If you don't change a value make it const. It make your programm run faster and you can not change it be accident.

const size_t size_of_vowels = 5;

Use variables for the size of arrays. Even better use Vectors since you are in C++ or use this MAKRO if you like C Style coding. Common array length macro for C?

for(size_t i = 0; i < copy_of_s.length(); i++)

Use size_t instead of int. size_t is like an int but it can't get negative. And on almost on Plattforms (x86, arm, etc.) it is way bigger than int, so it is safer to use.

break;

Use break to end the vowel loop, when a replacement was found (like a becomes an e).

copy_of_s[i] = vow[ (j + 1) %  size_of_vowels]; //make sure you dont access the element after u, which does not exist

This line is tricky.
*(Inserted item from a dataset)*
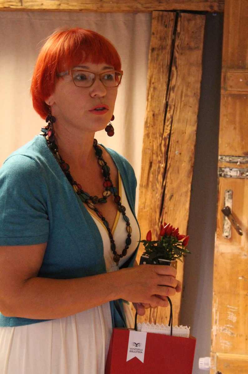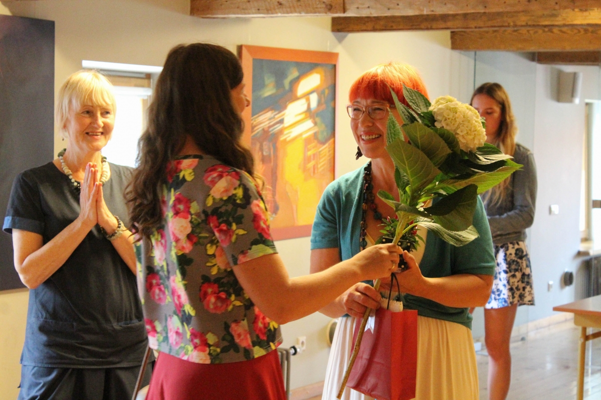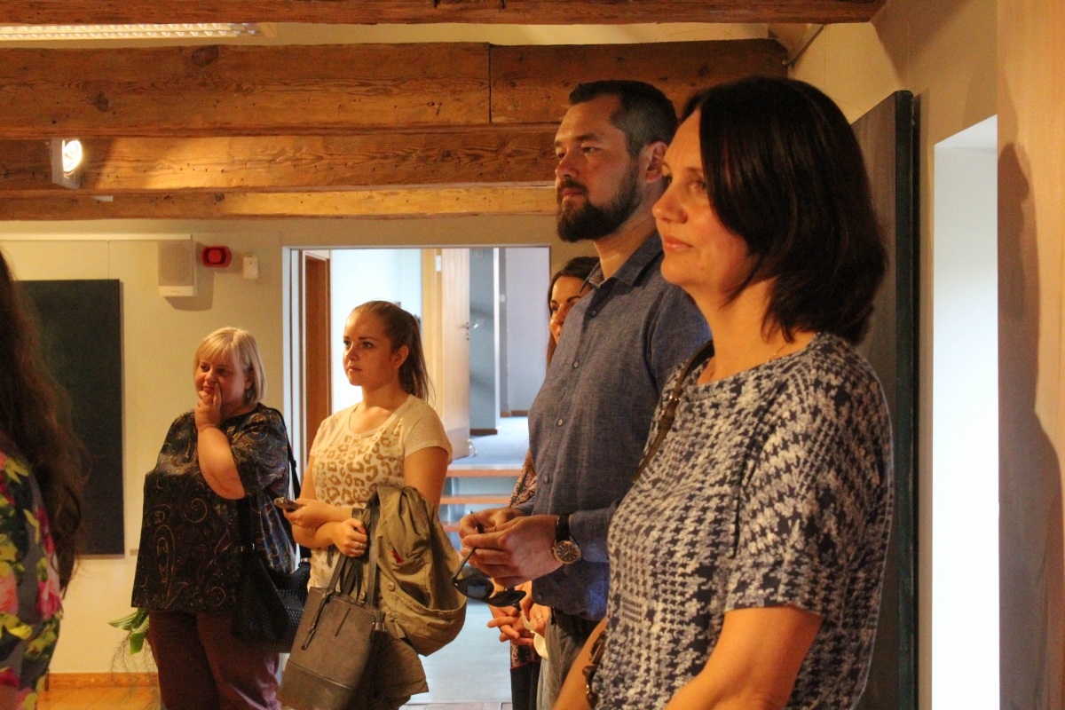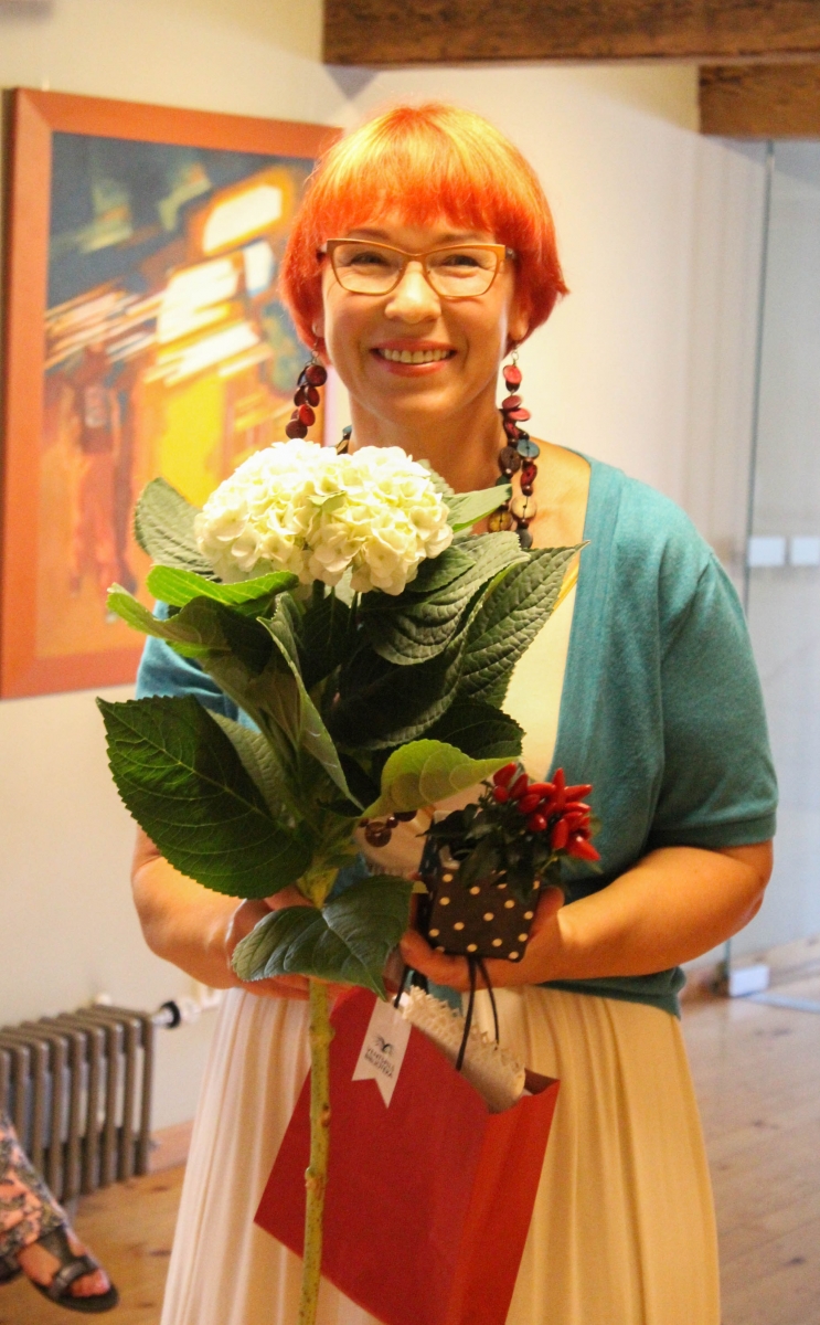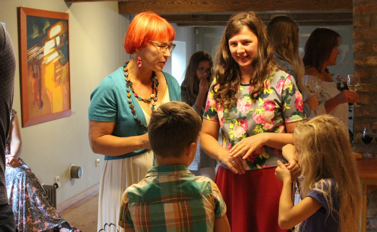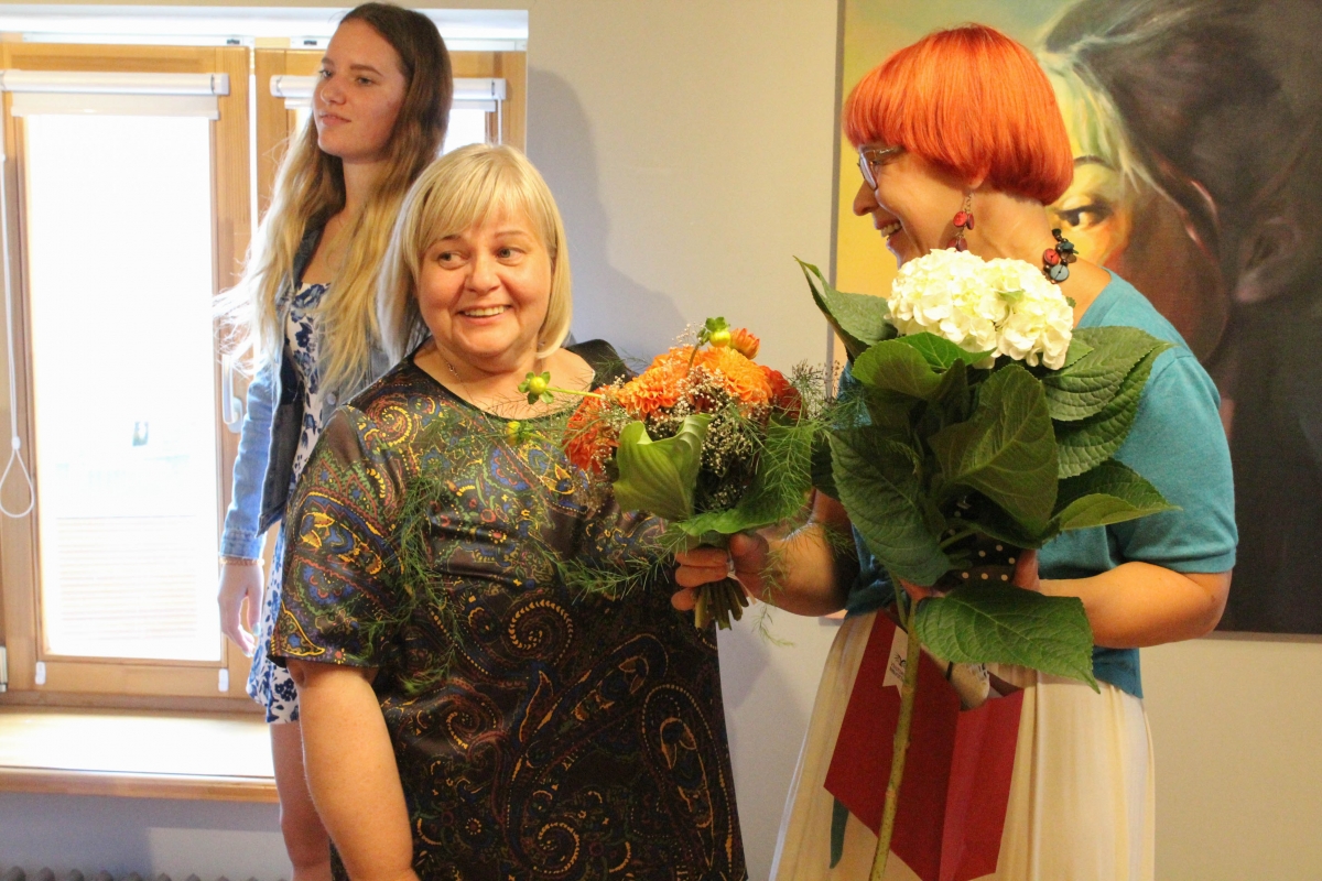 Daces Grundmanes gleznu izstādes "Dzīves tonalitāte" atklāšana Galvenajā bibliotēkā. Foto: Līga Rūde.

You have 5 Vowels char vow[] = { 'a', 'e', 'i', 'o', 'u' };. vow[0] is 'a', vow[4] is 'u'. What happens you have vow[4+1]? You would access vow[5] which does not exist. This can lead to a crash or random data which confuses your programm. To solve this problem you can use

vow[(4+1)%5]

The is a division where you only keep the remainder. Sounds complicated but is quite easy. 3 % 5 = 0 remainder 3 (the 5 fits zero times into the 3). 5 % 5 = 1 Remainder 0 (the 5 fits one time into the 5, but nothing is left). 7 % 5 = 1 Remainder 2 (you get the idea).

You ignore the 1 in 7 % 5 = 1 Remainder 2, and just keep the two. So the result for 7 % 5 is 2. This way you can "wrap around" your array index and never access vow[5]. Because vow[5%5] is vow[0], so your 'u' becomes an 'a'.